Take some dust of the ground. Form. Breathe into the nostrils the breath of life. Simple, but effective!

(Please note that although men are made of dust, women are made of ribs. Remember that at your next Texas-style barbecue!)

Shou

ld you give your man a belly button, or not? Authorities on the traditional method disagree. We ourselves like to include one, as we think it adds a finishing touch. Use your thumb.

2. GINGERBREAD METHOD

Any good rolled-cookie recipe will do, but add extra ginger if you want lively results--and our readers who choose this method usually do! Raisins make good eyes and buttons, but you can use those little silver balls as long as you take care not to break your teeth on them.

Once your man has come out of your oven, you may have trouble hanging on to him.

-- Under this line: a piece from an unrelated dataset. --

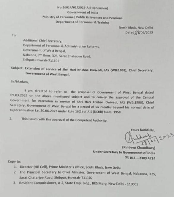 করোনার প্রকোপের মধ্যেই ২০২১ সালে আলাপন বন্দ্যোপাধ্যায়ের স্থলাভিষিক্ত হয়েছিলেন হরিকৃষ্ণ দ্বিবেদী (Harikrishna Dwivedi)। তাঁর আগে তিনি রাজ্যের স্বরাষ্ট্রসচিব ছিলেন। বর্তমান সরকারের প্রথম থেকেই তিনি দীর্ঘ সময় অর্থ দফতরের সচিব হিসেবে দক্ষতার সঙ্গে কাজ করেছেন। তৎকালীন অর্থমন্ত্রী অমিত মিত্রের যোগ্য সহযোগী হিসেবে বাম আমলের ঋণগ্রস্থ রাজ্যকে উন্নয়নের নতুন দিশা দেখাতে গুরুত্বপূর্ণ ভূমিকা নিয়েছিলেন হরিকৃষ্ণ দ্বিবেদী। কোষাগারে আয় বাড়িয়ে ঋণ ও সুদ মেটানোর ব্যবস্থা করার পাশাপাশি কন্যাশ্রী, রূপশ্রী, সবুজ সাথীর মতো একাধিক নতুন জনমুখী প্রকল্পে অর্থ যোগানোর চ্যালেঞ্জ সামলেছেন দক্ষ হাতে। বিশ্ববঙ্গ বাণিজ্য সম্মেলনের আয়োজন করার ক্ষেত্রেও তিনি ছিলেন পুরোধা ব্যক্তি। প্রচার বিমুখ এই আমলা নিজের কর্মদক্ষতাতেই মুখ্যমন্ত্রীসহ প্রশাসনের সর্বস্তরের আস্থাভাজন হয়ে উঠেছেন। সেকারণেই এখনই তাঁকে ছেড়ে দিতে নারাজ মুখ্যমন্ত্রী কেন্দ্রের সঙ্গে কার্যত লড়াই করে তাঁর মেয়াদ বাড়ানোর সিদ্ধান্তে অনুমোদন আদায় করতে সফল হয়েছেন।
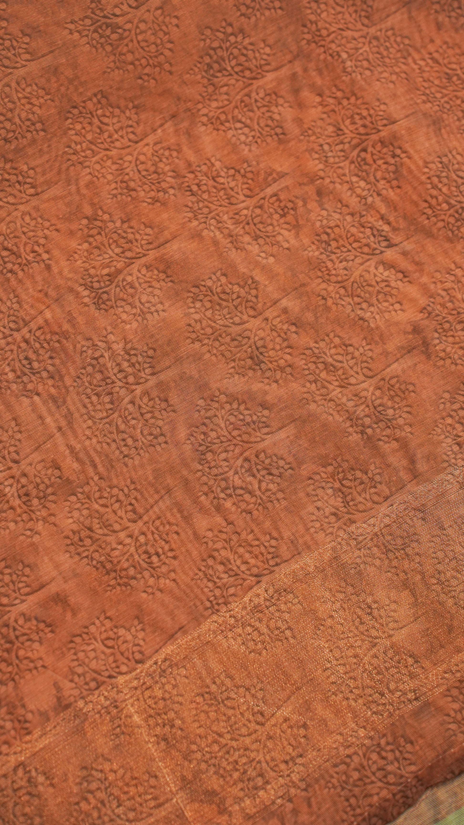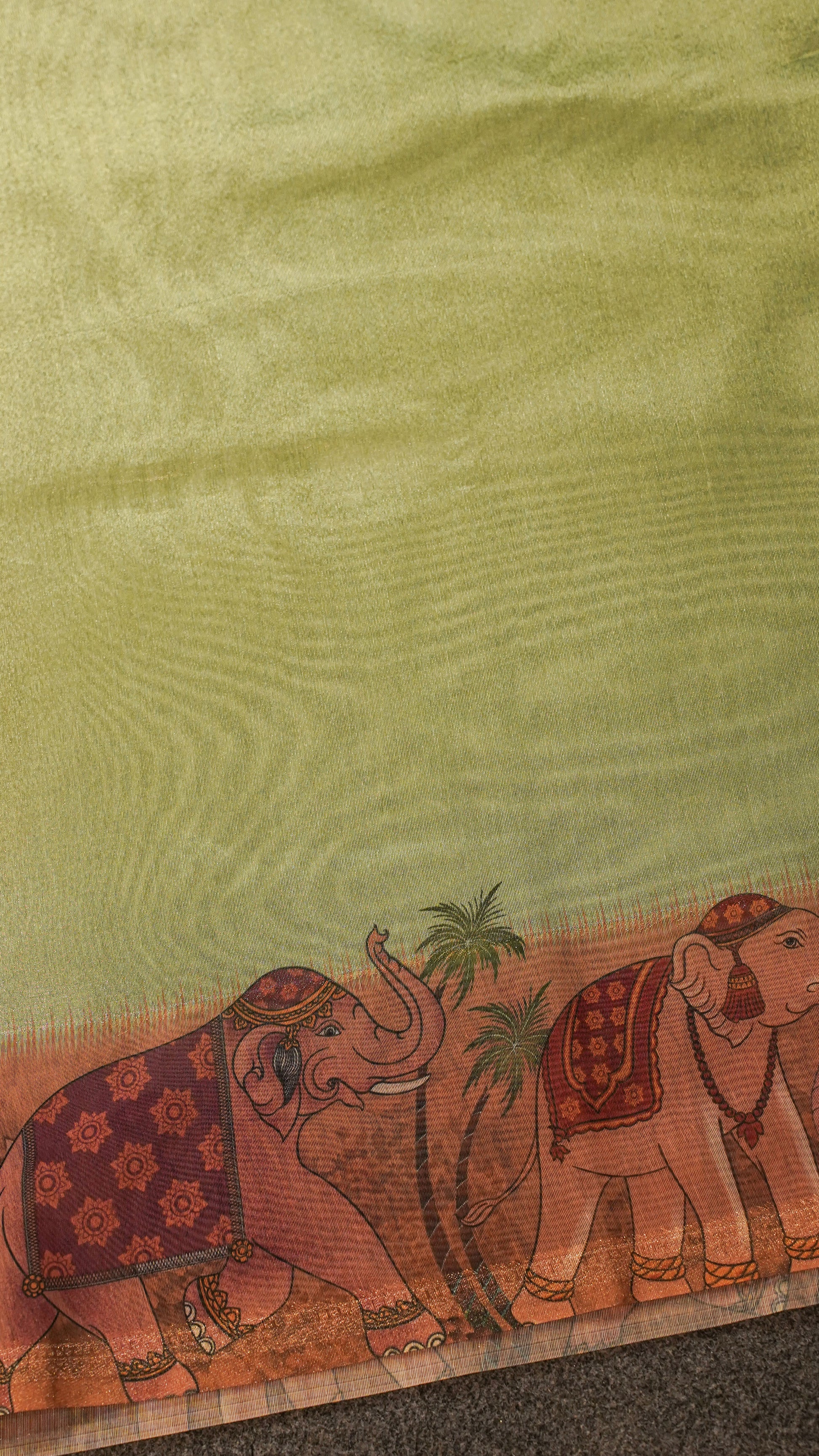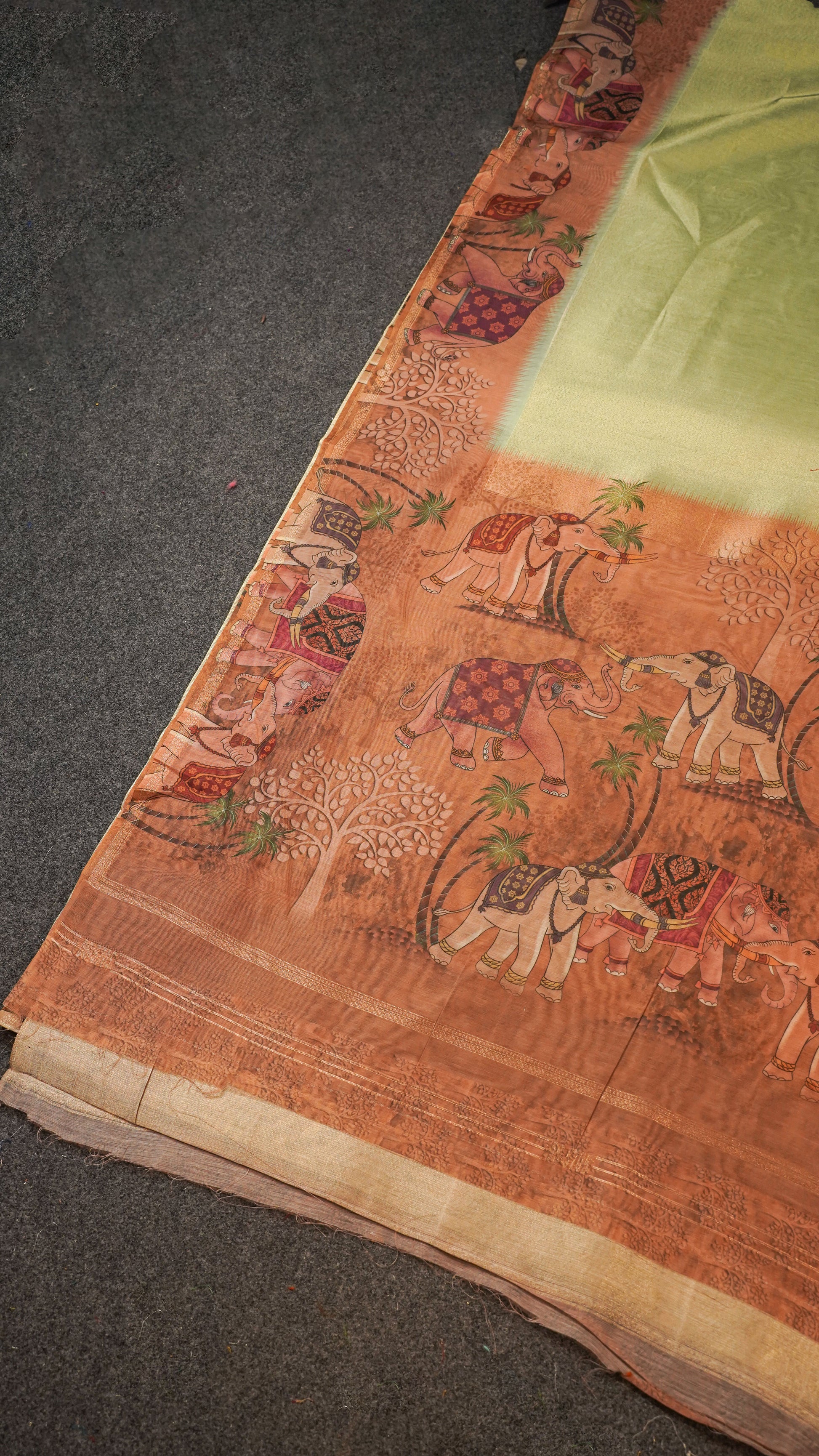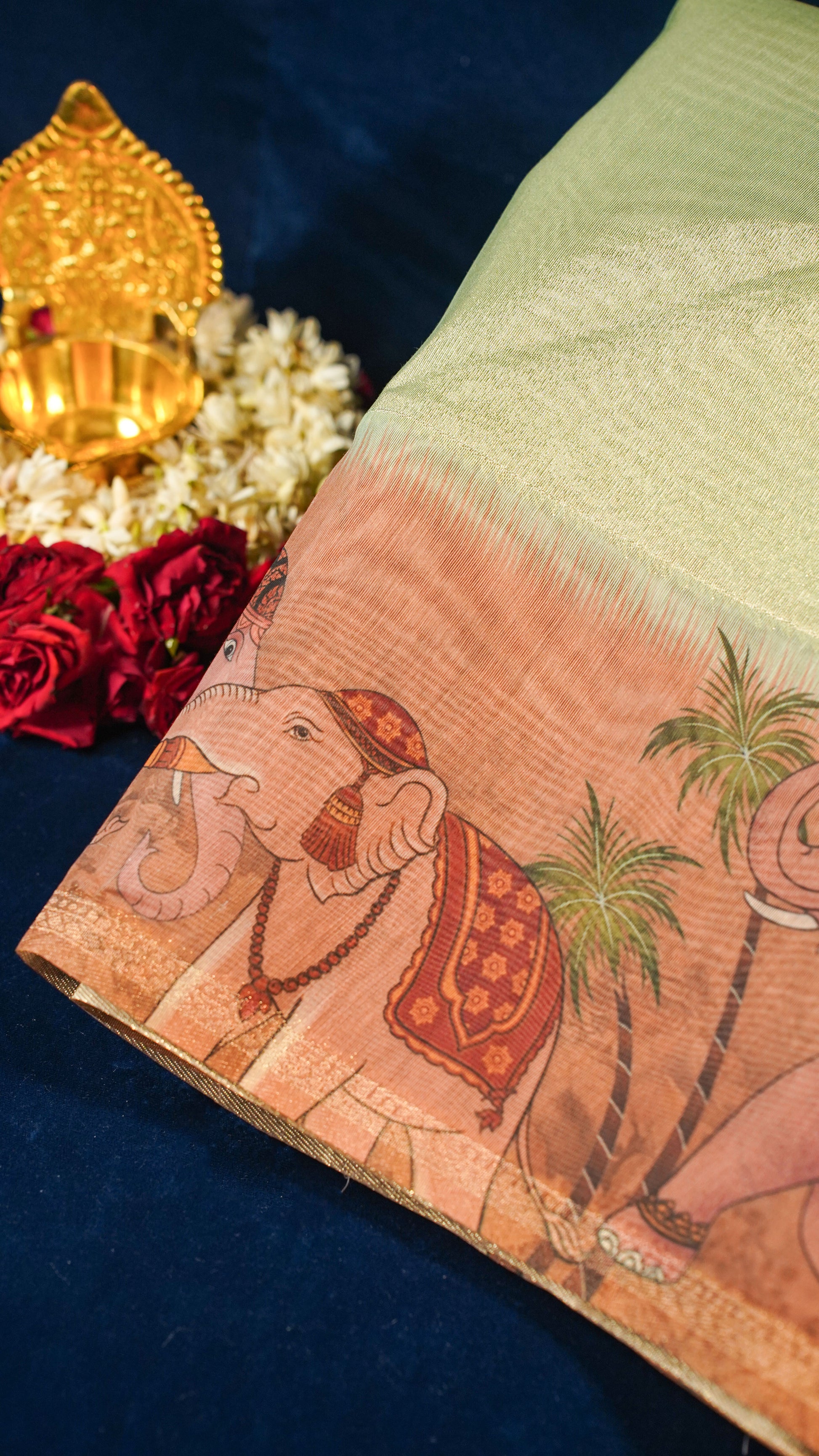 Unveil elegance with this captivating Banarasi Tissue Cotton Silk Saree, where traditional weaving meets contemporary art. Crafted in a light pistachio green tissue silk blend, this saree is adorned with a majestic digital elephant print border, showcasing royal charm and heritage elegance. The lightweight cotton-silk fabric ensures both comfort and grace, making it ideal for day events and festive celebrations.

Men made this way are apt to take off down the road, on motorcycles or off them, robbing convenience stores, getting themselves tattooed, and hopping up and down and singing, "Run, run, as fast as you can, you can't catch me, I'm the Gingerbread Man!" Attaching a string to his leg before the oven procedure may help, but--alas--in our experience, not for long.

There's one good thing to be said for this method, though: these guys are scrumptious! Good enough to eat!

3. CLOTHES METHOD

Clothes make the man! How often have you heard it said?

Well, we couldn't agree more! However, clothes may make the man, but women--by and large--make the clothes, so it follows that the responsibility for the finished model lies with the home seamstress.